Unlike subsection (10)(a), ORS 109.119(10)(e) does not impose a particular time limitation for commencing an action to establish visitation based on an “ongoing personal relationship.” Subsection (10)(e) provides:

“ ‘Ongoing personal relationship’ means a relationship with substantial continuity for at least one year, through interaction, companionship, interplay and mutuality.”

In short, subsection (10)(e) requires proof that the requisite relationship continued for at least one year, but it does not require that such a relationship have existed immediately preceding the commencement of the action.

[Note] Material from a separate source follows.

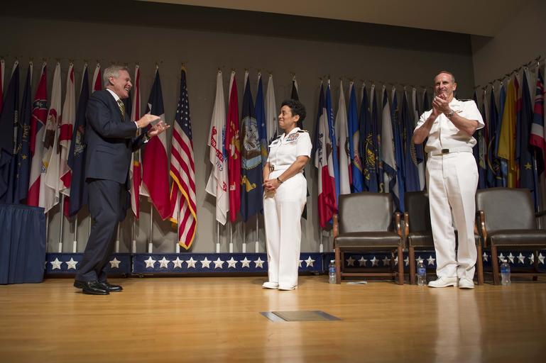 | Keywords: Promotion ceremony 140701-N-WL435-270.jpg en Secretary of the Navy Ray Mabus and Chief of Naval Operations CNO Adm Jonathan Greenert applaud Adm Michelle Howard on her promotion to the rank of admiral Tuesday July 1 2014 at the Women in Military Service for America Memorial Howard is the first woman to be promoted to the rank of admiral in the history of the Navy and will assume the duties and responsibilities as the 38th Vice Chief of Naval Operations from Adm Mark Ferguson U S Navy photo by Chief Mass Communication Specialist Peter D Lawlor/Released 2014-07-01 Petty Officer 1st Class Peter Lawlor https //www dvidshub net/image/1430989 140701-N-WL435-270 2014-07-01 22 52 WASHINGTON DC US PD-USGov-Military-Navy Mark E Ferguson III Ray Mabus Jonathan W Greenert in 2014 Images from DoD uploaded by Fæ |

The difficulty with applying ORS 109.119(10)(e) in this case is that the Digbys never asserted the existence of an ongoing personal relationship with the children under that subsection. Rather, they alleged in their petition and maintained throughout that they had a child-parent relationship with the children.1 The court recognized that problem but purported to surmount it by treating an ongoing personal relationship as a “lesser included” relationship that is subsumed within the ambit of a child-parent relationship. Regardless of whether that analogy to the criminal law might otherwise be apt, it overlooks the fact that the legislature imposed different requirements for the temporal existence of the two types of relationships.

Moreover, there is an important difference in the burden of proof between claims under subsections (10)(a) and *16(10)(e). In order to award visitation based on a child-parent relationship, a court must find by a “preponderance of the evidence” that the presumption under subsection (2)(a) that the legal parent acts in the best interest of the children has been rebutted, ORS 109.119(3)(a), whereas, to award visitation to a person with an ongoing personal relationship with the children, the court must make such a finding by “clear and convincing evidence,” ORS 109.119(3)(b). It is axiomatic that a “lesser included” claim cannot require proof of an element based on a more stringent burden of proof than the greater claim.

Because this case was pleaded and tried as a “child-parent” relationship case under ORS 109.119(10)(a), and the undisputed evidence showed that the Digbys did not have a qualifying child-parent relationship with the children, the trial court erred in awarding them relief based on an unpleaded “ongoing personal relationship” theory under ORS 109.119(10)(e).

Reversed.

Petitioners’ position was consistent with that theory throughout the proceedings. At trial, petitioners’ counsel told the court that “we want to have the court approve the title of the Digbys as psychological parents.”